И держа что-то в ладонях, как пойманную птицу, он понёс находку на показ паханчику.
– Эт-то что такое? – Шуруп положил на раскрытую пятерню квадратную чёрную коробочку, которую можно было бы принять за пудреницу, если б не мигающая с секундным интервалом крохотная красная лампочка. Карташ смотрел во все глаза, недоумевая, если честно, вместе с урками.
– Ну-ка… – с пенька шустро поднялся рыжий с автоматом, подошёл к дружкам, вгляделся, озадаченно почесал затылок. – Дела, братва… Видал я такие штуки на воле, когда… Ну, не важно. Короче, «маяк» это.
– Чё? – удивился Болек.
– Хреновина, которая сигнал передаёт, чтобы тебя по нему можно было найти.
– Не рация?
– Какая, к херам, рация! Эта мандула передаёт сигнал, ну типа «пи-пи-пи», его можно засечь и идти на него, как на ориентир.
– И зачем она его с собой таскает? – спросил Шуруп у Угрюмого.
– А это у неё надо спрашивать. Хочет, чтобы кто-то знал, где она находится, – Так чего, нас по этой срани менты могут найти? – в голосе Болека явственно проскочил испуг.
– Не найдут. – Шуруп поднялся, положил маяк на землю, наступил на него сапогом и растёр, как окурок. До Карташа долетел короткий, зычный хруст.
– На каждую умную придумку свой сапог найдётся, – загадочно высказался азиат-философ, подбросив в костёр охапку еловых ветвей, отчего пламя с шумом рвануло вверх.
– Кончай беспредельничать, Шуруп, развяжи! – Гриневский уже не лежал, а сидел на земле.
– Гляди-ка ссученный очухался! – радостно воскликнул Болек, хлопнув себя по шинельным бокам.
– Вот кого можно хоть сейчас в расход пускать, – Угрюмый вскинул автомат на плечо. – Даже нужно.
Гриневский помотал головой, глубоко вдохнул, с силой выдохнул, сплюнул кровь и внятно произнёс, глядя на вожака:
– А Фрола не боишься, а, Шуруп? Мы ж к нему идём. И он здесь, неподалёку.
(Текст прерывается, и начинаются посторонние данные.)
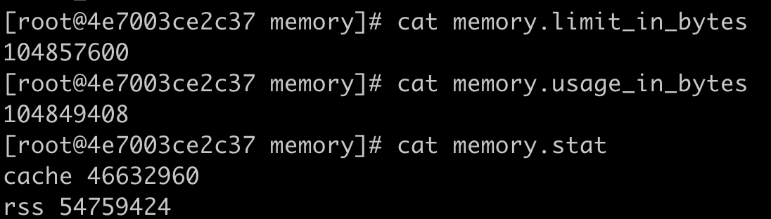 把容器启动起来后,我们查看一下容器的Memory Cgroup下的memory.limit_in_bytes和memory.usage_in_bytes这两个值。
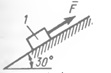 Каким должен быть вес тела 1, для того чтобы началось скольжение вверх по наклонной плоскости, если сила F = 90 Н, а коэффициент трения скольжения f = 0,3?
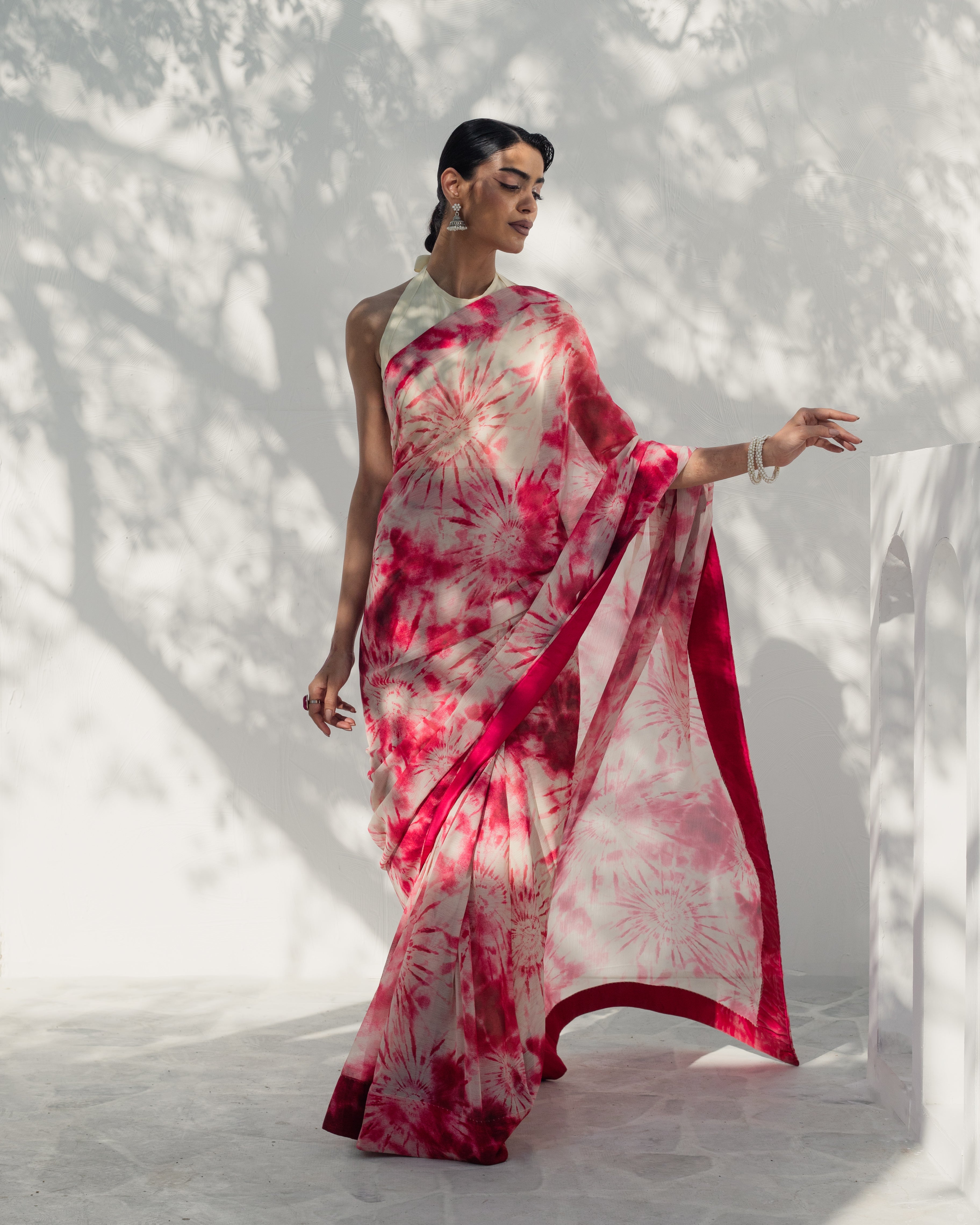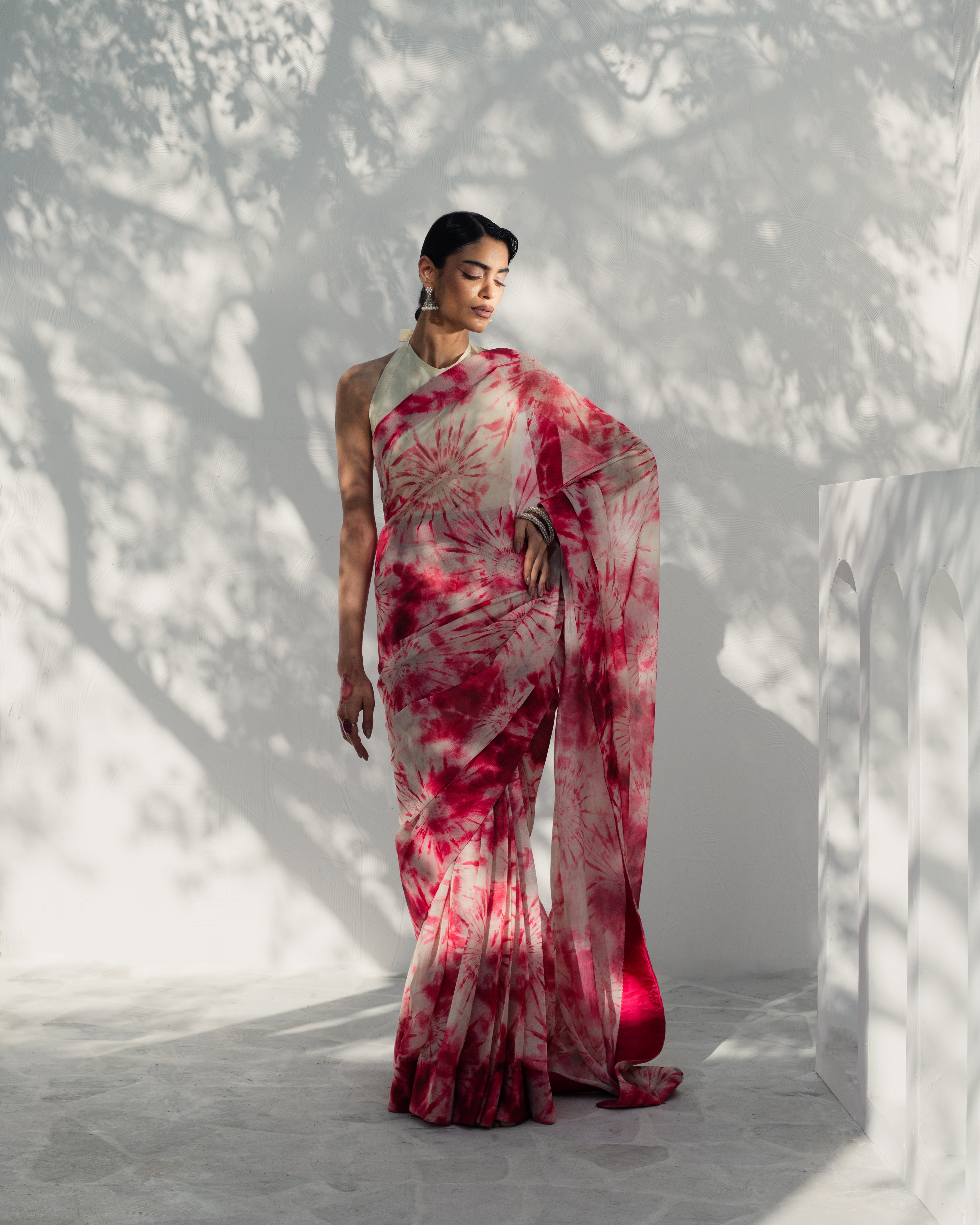 Our Tie and Dye Saree is a unique and artistic piece that showcases a beautiful blend of colors. Perfect for those who love to stand out, this saree is a blend of traditional technique and contemporary style.
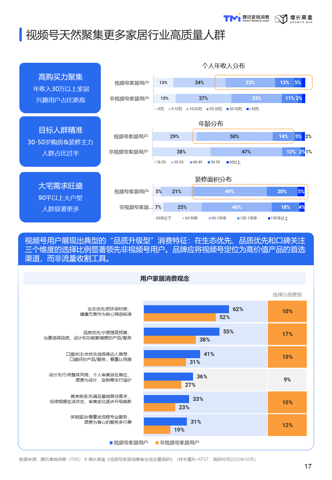 调研画像显示,视频号的家居兴趣人群呈现出明显的高产、大宅特征。相比非视频号用户,这群人不仅收入更高,而且对生活品质有着更为严苛的要求。
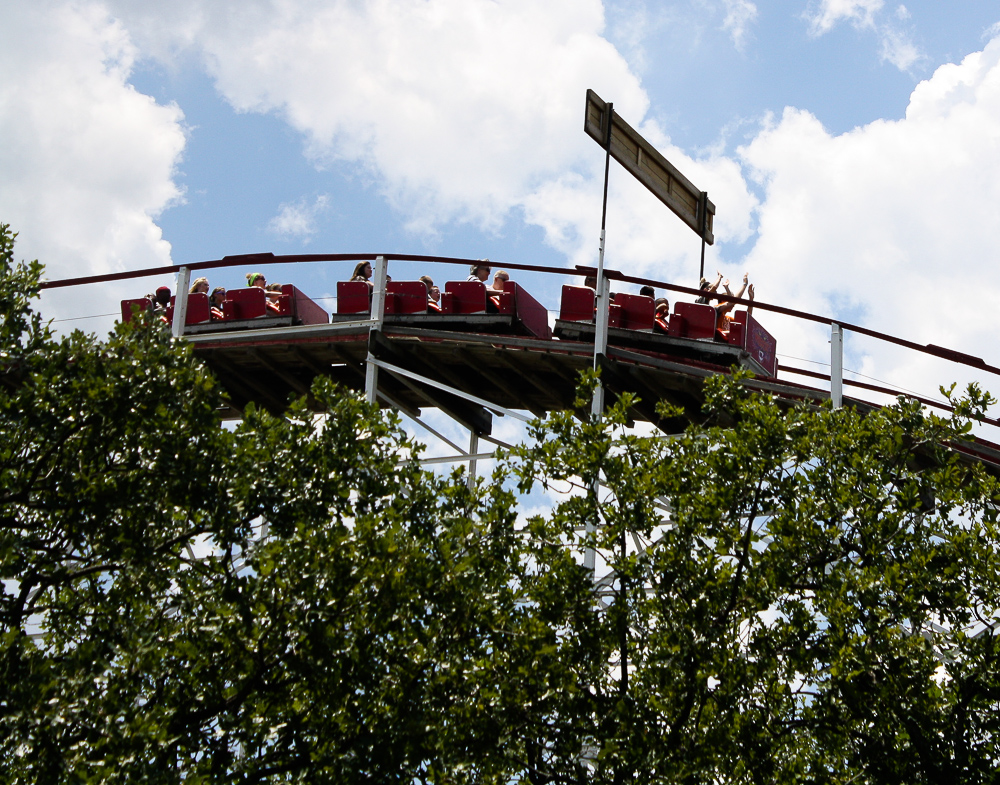 During an off-season tour, the park initially announced that the new train would be from Rocky Mountain Construction (RMC). However, this was a diversion, and a brand new red train was purchased from PTC by Six Flags. This new train debuted on May 30th, 2021 and features yellow pedals in front of each car to make manual restraint release easier. In addition, the transfer track area was renovated, making it a more comfortable space for the maintenance staff to work in and shielding the second train from the elements. last, additional Cincinnati brakes were installed before the station and in the station proper to stop the trains more accurately.
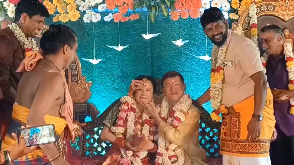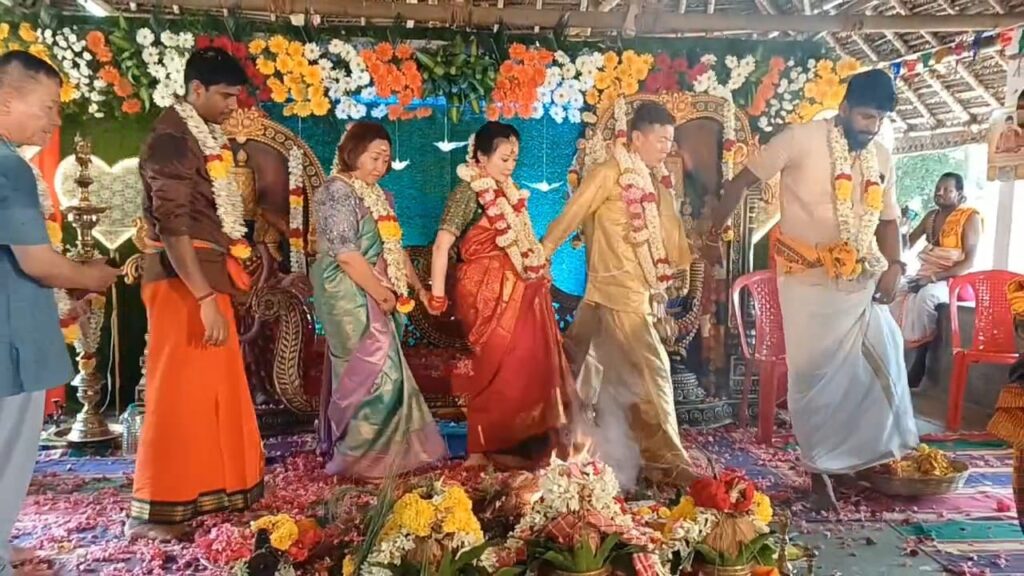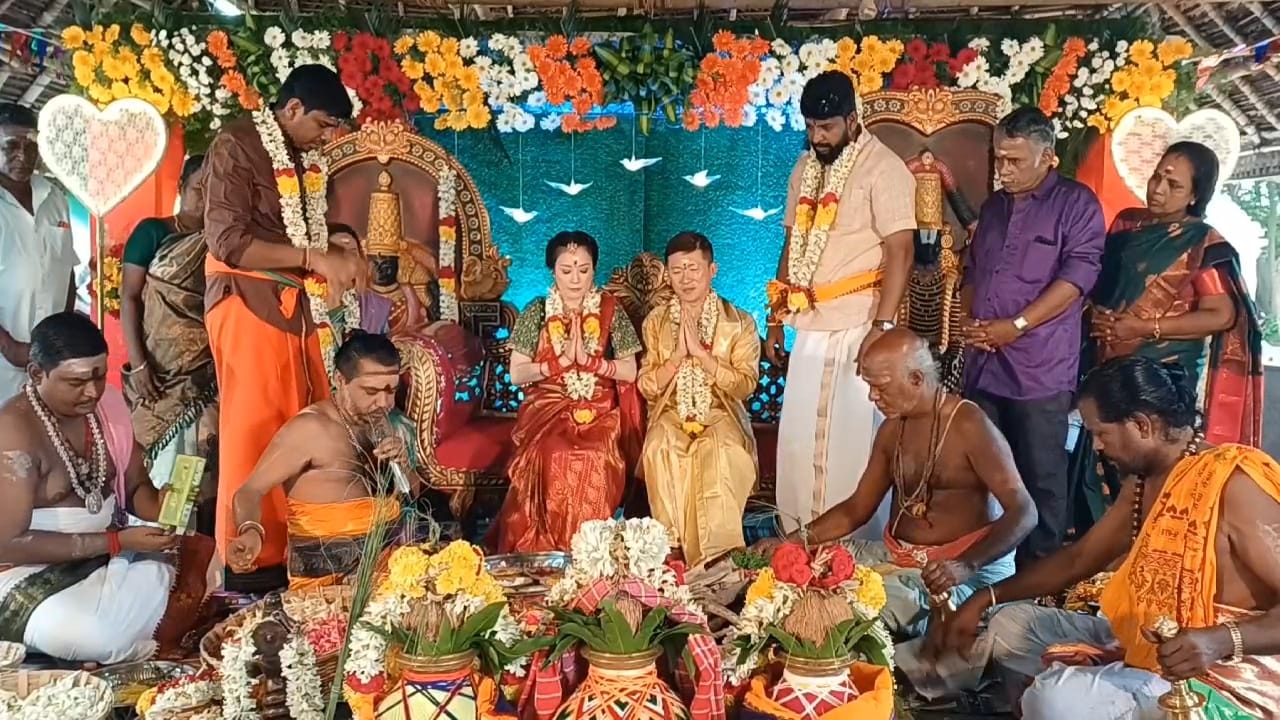 இந்நிலையில் சித்தர் பீடத்தில் தைவான் நாட்டை சேர்ந்த டாகாங்,டிங்வன் இருவரும் இந்து முறைப்படி திருமணம் செய்து கொண்டனர். முன்னதாக இருவரும் காதலித்து வந்த நிலையில் இந்தியாவில் இந்து முறைபடி திருமணம் செய்து கொள்ள இருவரும் விரும்பியுள்ளனர். இதனையடுத்து தமிழ்நாடு வந்த இருவரும் தமிழ் முறைப்படி சீர்காழி அருகேயுள்ள ஒளிலாயம் சித்தர் பீடத்தில் இன்று அம்மி மிதித்து, அருந்ததி பார்த்து திருமணம் செய்து கொண்டனர். திருமணத்தில் கலந்து கொள்வதற்காக தைவான் நட்டிலிருந்து வந்திருந்த உறவினர்களும்
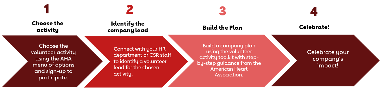 By completing the Company Sign-up Form, your company is agreeing to organize a Heart of Community Serve Day volunteer activity using one of the American Heart Association volunteer activity toolkits. The American Heart Association is confident that through the use of the toolkits, each company and its volunteers can find an opportunity to give back to the community in such a manner as works best for each individual company. Questions? Email: aha.national.heartball@heart.org.
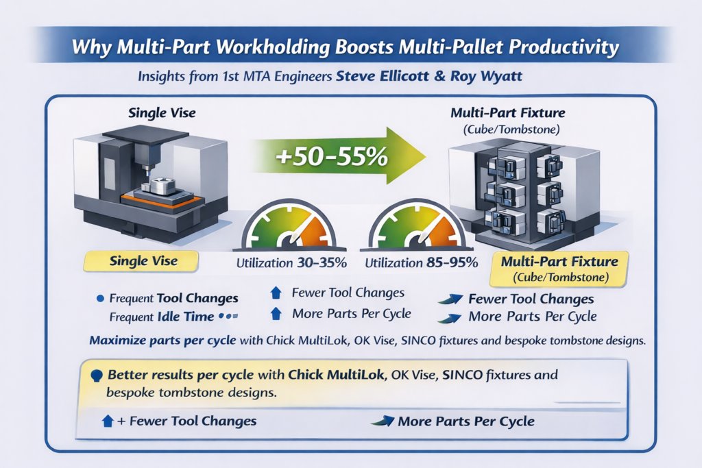 At 1st MTA, our engineers Steve Ellicott (Technical Sales Manager) and Roy Wyatt (Technical Manager) have extensive experience helping manufacturers get the most from their multi-pallet systems. This article explores why spindle utilisation gains of 85–95% are achievable, and why multi-part workholding and smart fixture design are often the difference between theoretical and real-world productivity.
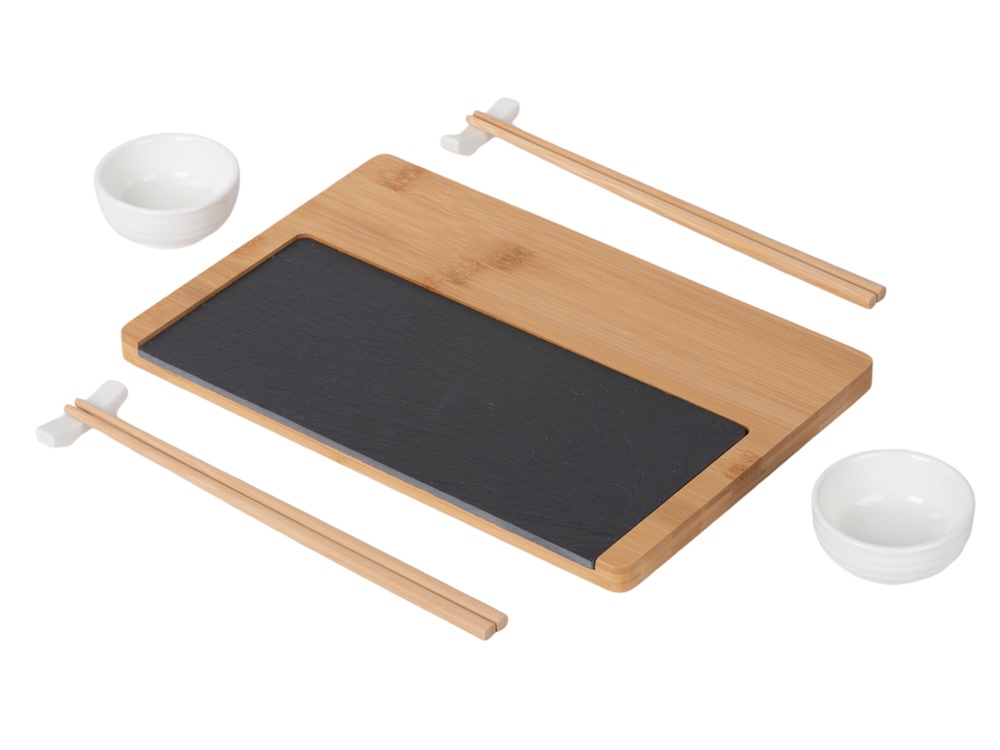 Набор для суши "Maki" – идеальный выбор для ценителей японской кухни, объединяющий стиль и практичность. Комплект включает всё необходимое для красивой и удобной сервировки суши и других азиатских блюд: - Две керамические пиалы для соусов или гарниров, идеально подходящие для подачи соевого соуса, васаби, имбиря и других приправ. - Две керамические подставки для палочек, которые обеспечивают удобство и чистоту, удерживая палочки на месте и защищая их от контакта с поверхностью стола. - Две пары деревянных палочек, которые комфортно держатся в руке и добавляют аутентичности процессу трапезы. - Бамбуковая доска-подставка добавляет натурального акцента и служит базой для подачи, позволяя разместить блюда на стильной основе. - Сланцевая доска из натурального камня придаёт элегантность сервировке и сохраняет прохладу подаваемых блюд, что особенно важно для суши и сашими. Каждый элемент упакован в защитную вставку-ложемент внутри коробки, обеспечивая безопасность при транспортировке и удобство хранения. Этот стильный и продуманный суши-набор идеально подойдёт для дома, подарка или для создания атмосферы настоящего японского ресторана прямо за вашим столом.
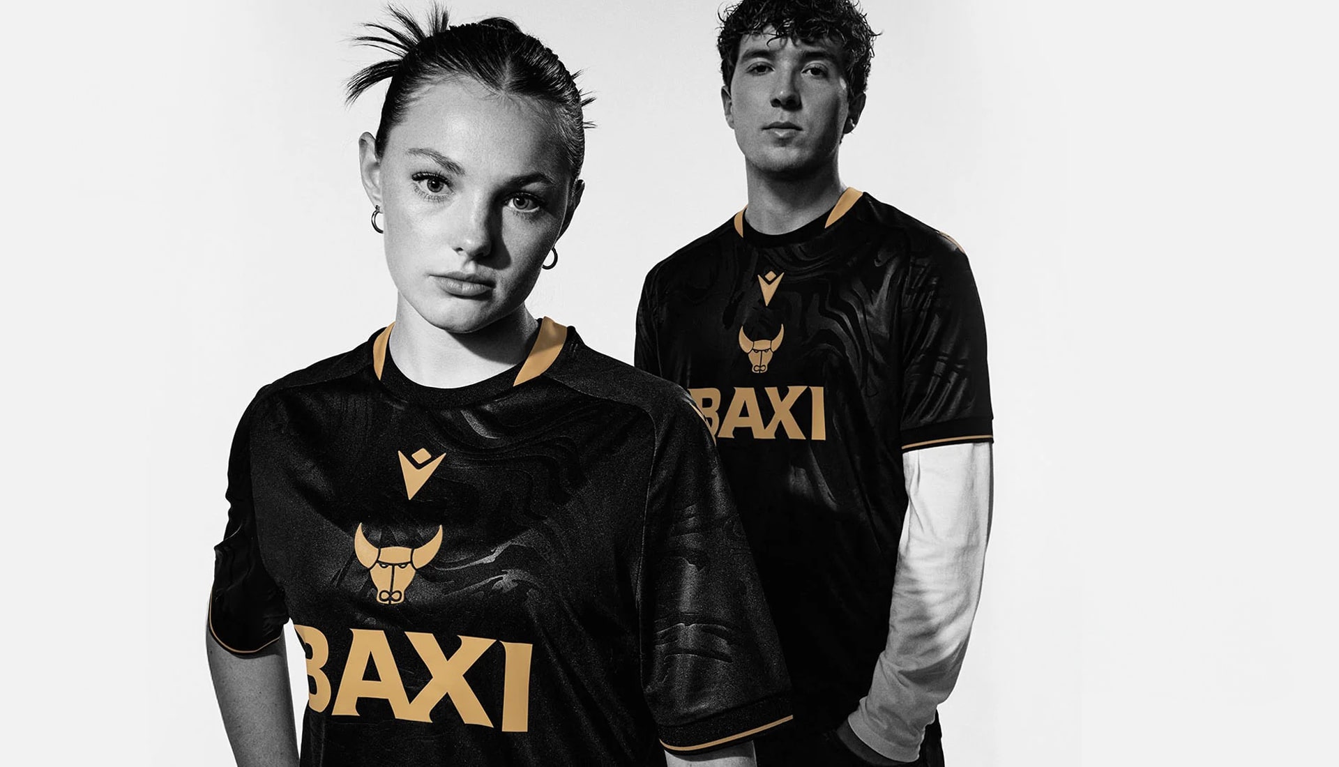 Gold trims on the crew neck collar and sleeve cuffs add a regal touch, while the Macron Hero and Oxford’s iconic ox head crest take pride of place stacked centrally on the chest, both decked out in a 3D-effect gold that pops perfectly against the deep black base.
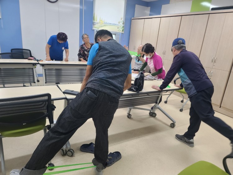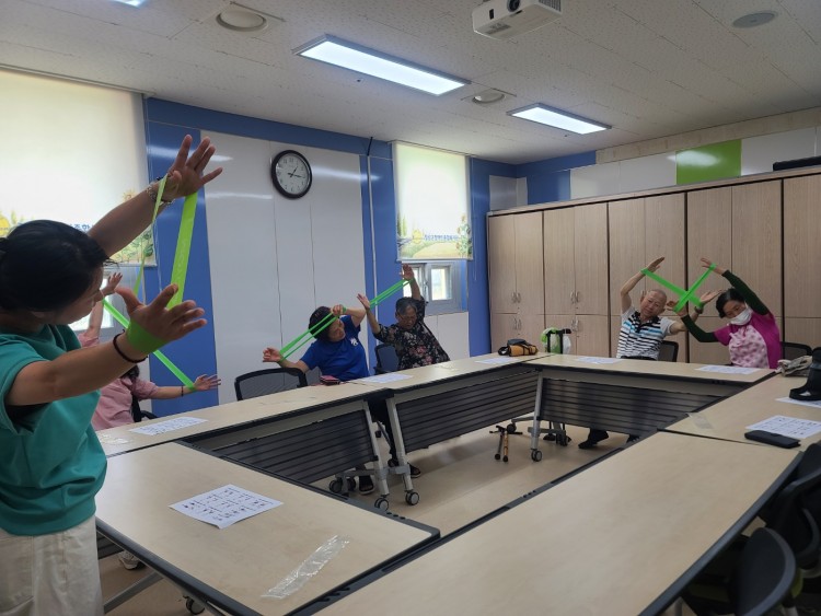 7월 2일 13:00~14:00 1층 세미나실에서 참여자 7명과 함께 소도구운동 3회기 실시했습니다.
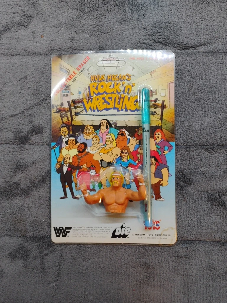 Selling a brand new, collectible Hulk Hogan's Rock 'n' Wrestling eraser! This fun eraser features Hulk Hogan and is still in its original packaging. A great piece for any wrestling fan or collector!

Если нас не дождётся, подвесит тебя и твою кодлу за яйца без долгого базара.
«Ага, – с некоторым сомнением подумал Карташ, – Гриня врубился в расклад и начал свою игру… Надеюсь…»
– Ты на кого хавалку разеваешь, паскуда? – угрожающе надвинулся на него Болек.
– На балде я вертел твоего парашного Фрола, – сказал Шуруп. – Да и откуда он узнает, где вы?
– А «маячок»?
– Пищалке вашей капец настал, видел?
– Видел. Только поздновато ты приборчик разломал, Шуруп. Фрол уже в курсе, где мы. И найдёт.
– Трупы он ваши найдёт, пидер!
– А хоть бы и так, – невозмутимо сказал Таксист. – Найдёт – и скоренько расшифрует, кто ему верняк заштриховал. – Он недобро сощурился. – А доискиваться он будет, не сомневайся, потому как пахнет дело такими зелёными «арбузами», что у меня самого слюни текут… Ты что, думаешь, Пугач водочкой вас поил и на кипеж поднимал только для того, чтобы ты мог в рывок уйти, по тайге погулять да бабу пощупать?!
Опа!
Последняя фразочка Гриневского произвела должное впечатление. Шуруп на миг замялся и не нашёлся, что ответить. На миг забегал глазёнками. Явно испуганно!
– Фрол с блатными дело не имеет, – не очень-то уверенно сказал он.
– Дурак ты, Фрол имеет дело с теми, с кем ему нужно, – ласково сказал Гриневский, и в глазах его проявился прежний рысиный огонёк. – И дело то – далеко не твоего ума.
– Ты мне тут кобзоном не пой, – Шуруп аж подёргивался от умственной работы. – Цирик, баба какая-то и «мужик», к тому же ссученный – на хрена, спрашивается, такая кодла Фролу понадобилась?..
– А ты подумай, подумай. Кто такую кодлу разномастную всерьёз принимать будет? За ссученного я на тебя не обижаюсь, Шуруп, даже спасибо скажу: значит, хорошо я свою роль играл, если даже ты не просёк… А что «маячок» раздавил, так это уже по барабану: пацаны Фрола уже рядом…
Он врал напропалую, придумывая на ходу, но, надо отдать зэку должное, – врал складно, удалось ему посеять среди беглых некоторое сомнение.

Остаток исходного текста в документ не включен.